GIVEN RECORDS —
====
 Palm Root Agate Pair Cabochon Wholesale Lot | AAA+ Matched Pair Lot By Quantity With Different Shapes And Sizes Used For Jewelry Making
====
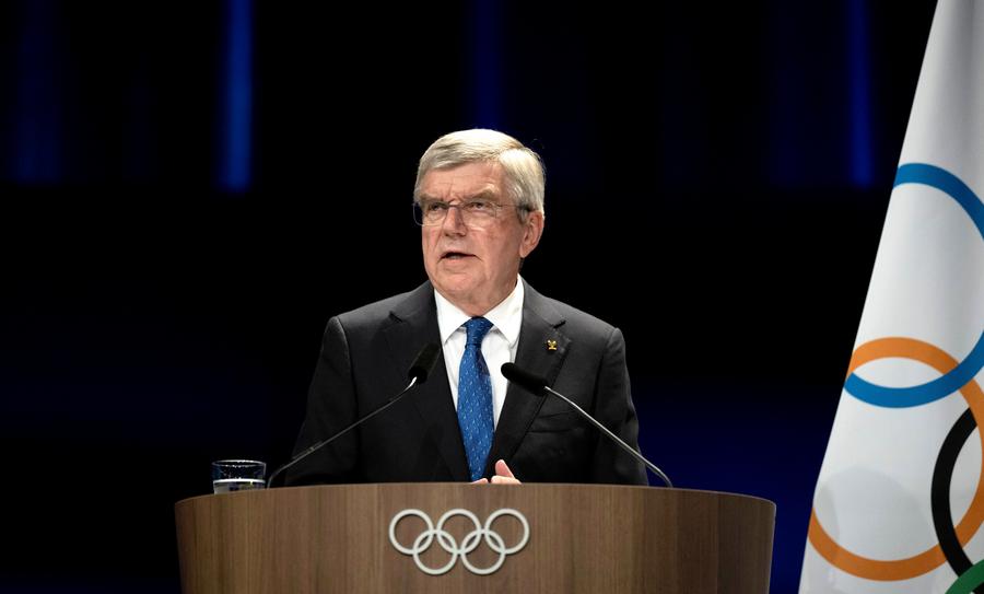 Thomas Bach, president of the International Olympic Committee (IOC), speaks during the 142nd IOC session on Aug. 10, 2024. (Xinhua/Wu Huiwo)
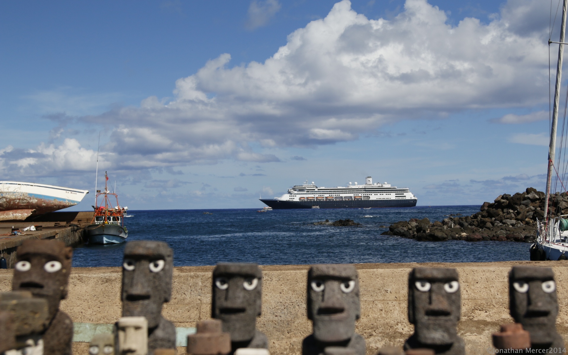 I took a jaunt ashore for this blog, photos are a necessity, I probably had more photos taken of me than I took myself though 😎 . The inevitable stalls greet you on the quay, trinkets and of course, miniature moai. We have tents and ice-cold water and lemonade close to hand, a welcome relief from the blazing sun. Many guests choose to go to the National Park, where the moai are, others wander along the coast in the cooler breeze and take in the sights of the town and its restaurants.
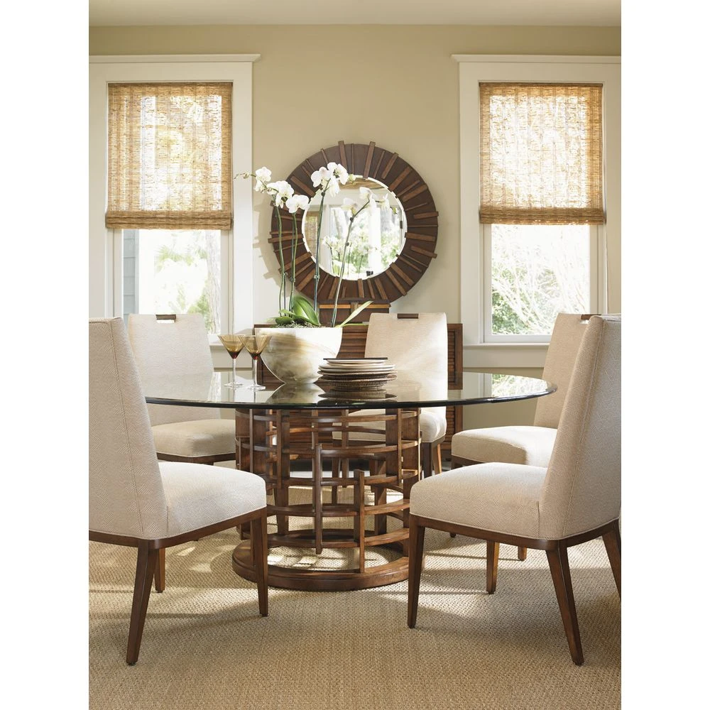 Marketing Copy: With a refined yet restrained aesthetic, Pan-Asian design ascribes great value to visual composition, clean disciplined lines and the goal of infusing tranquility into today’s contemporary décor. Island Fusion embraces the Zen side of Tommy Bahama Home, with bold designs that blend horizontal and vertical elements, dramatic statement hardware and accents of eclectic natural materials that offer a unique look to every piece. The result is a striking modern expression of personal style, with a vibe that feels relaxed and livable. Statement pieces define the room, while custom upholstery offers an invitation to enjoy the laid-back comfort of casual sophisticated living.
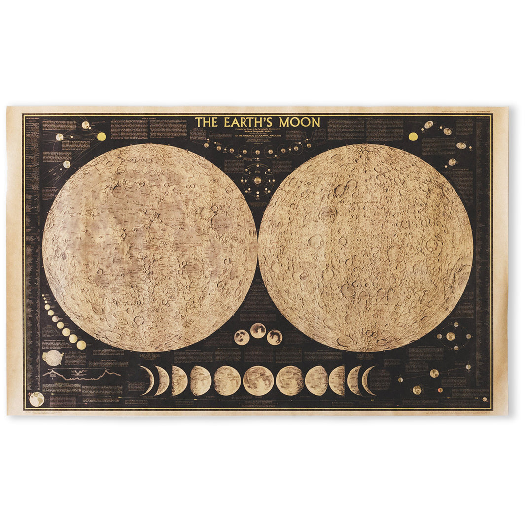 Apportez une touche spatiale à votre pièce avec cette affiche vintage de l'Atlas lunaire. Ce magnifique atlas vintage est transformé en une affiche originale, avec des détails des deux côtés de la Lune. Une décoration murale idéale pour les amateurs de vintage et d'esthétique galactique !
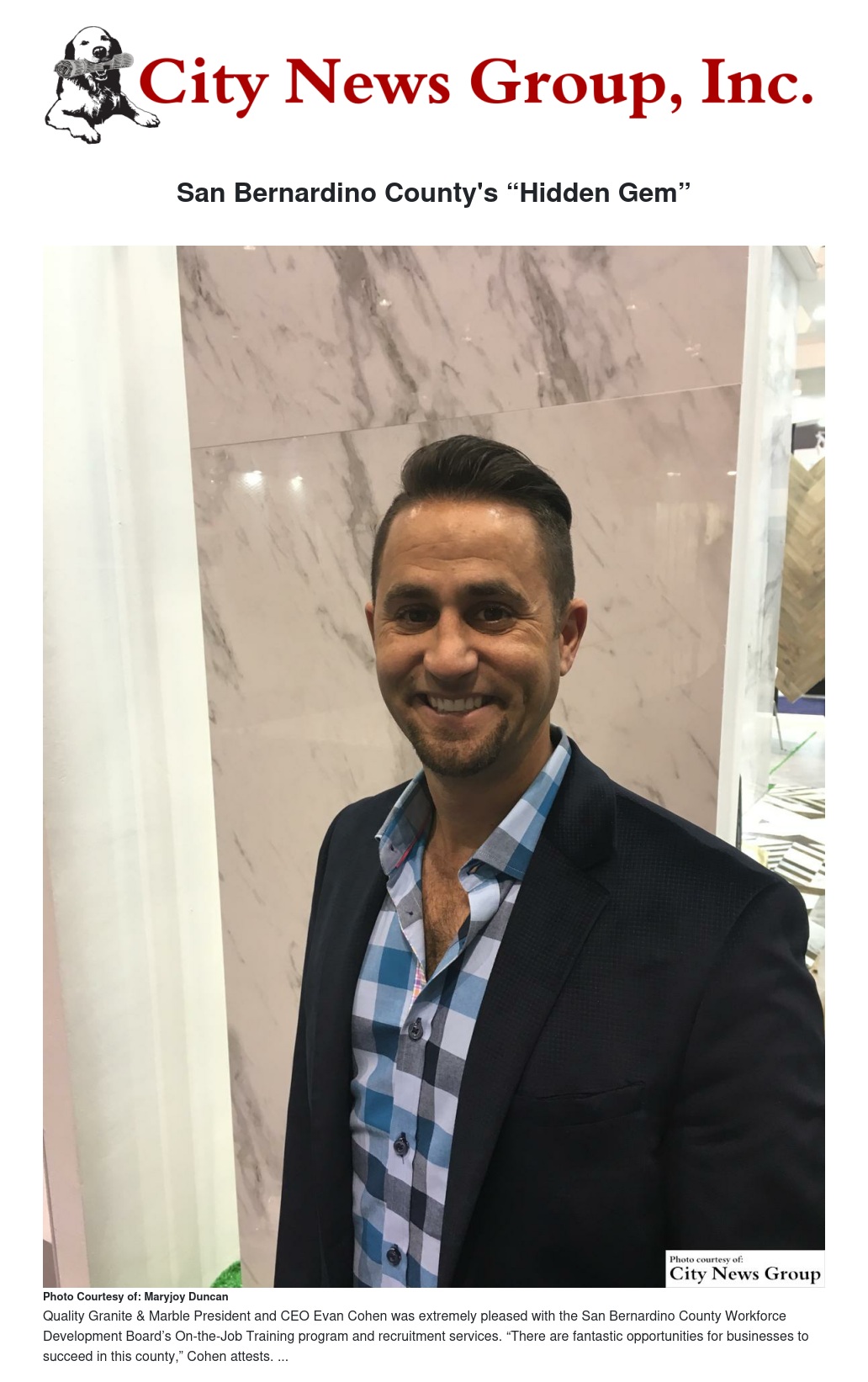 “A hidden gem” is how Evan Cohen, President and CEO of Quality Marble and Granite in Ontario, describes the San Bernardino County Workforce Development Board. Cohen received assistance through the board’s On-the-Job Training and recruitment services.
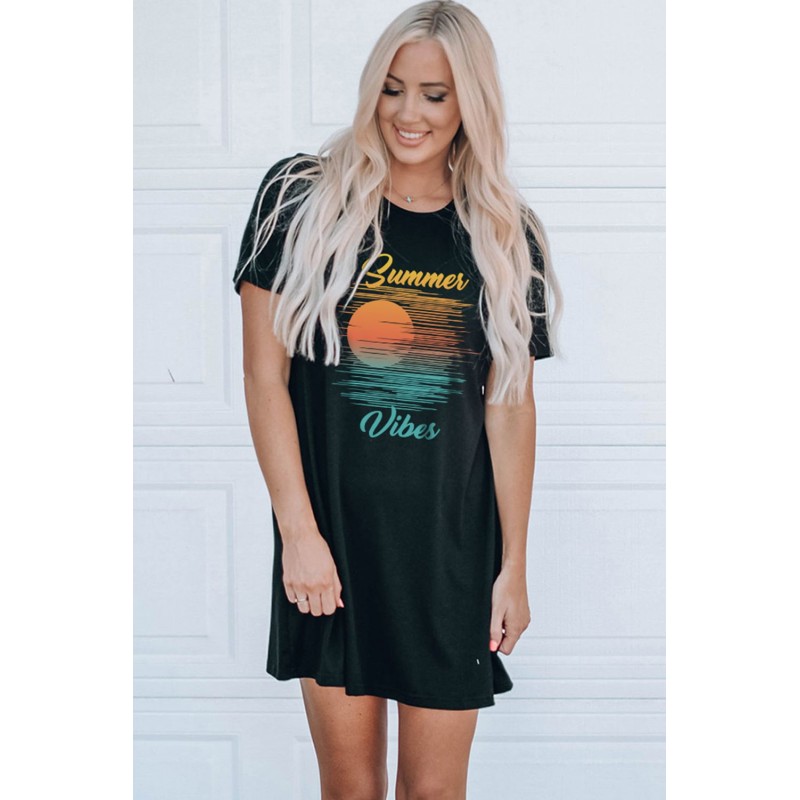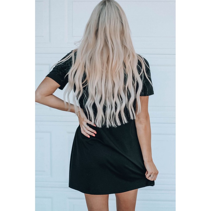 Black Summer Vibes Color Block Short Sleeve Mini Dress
====
TASK DESCRIPTION —
For the material above, give again only the lines starting at the line that contains "Apportez une touche" and ending at the line that contains "and recruitment services.". Pictures do not belong in the copy.

EXERCISE ANSWER —
 Apportez une touche spatiale à votre pièce avec cette affiche vintage de l'Atlas lunaire. Ce magnifique atlas vintage est transformé en une affiche originale, avec des détails des deux côtés de la Lune. Une décoration murale idéale pour les amateurs de vintage et d'esthétique galactique !
 “A hidden gem” is how Evan Cohen, President and CEO of Quality Marble and Granite in Ontario, describes the San Bernardino County Workforce Development Board. Cohen received assistance through the board’s On-the-Job Training and recruitment services.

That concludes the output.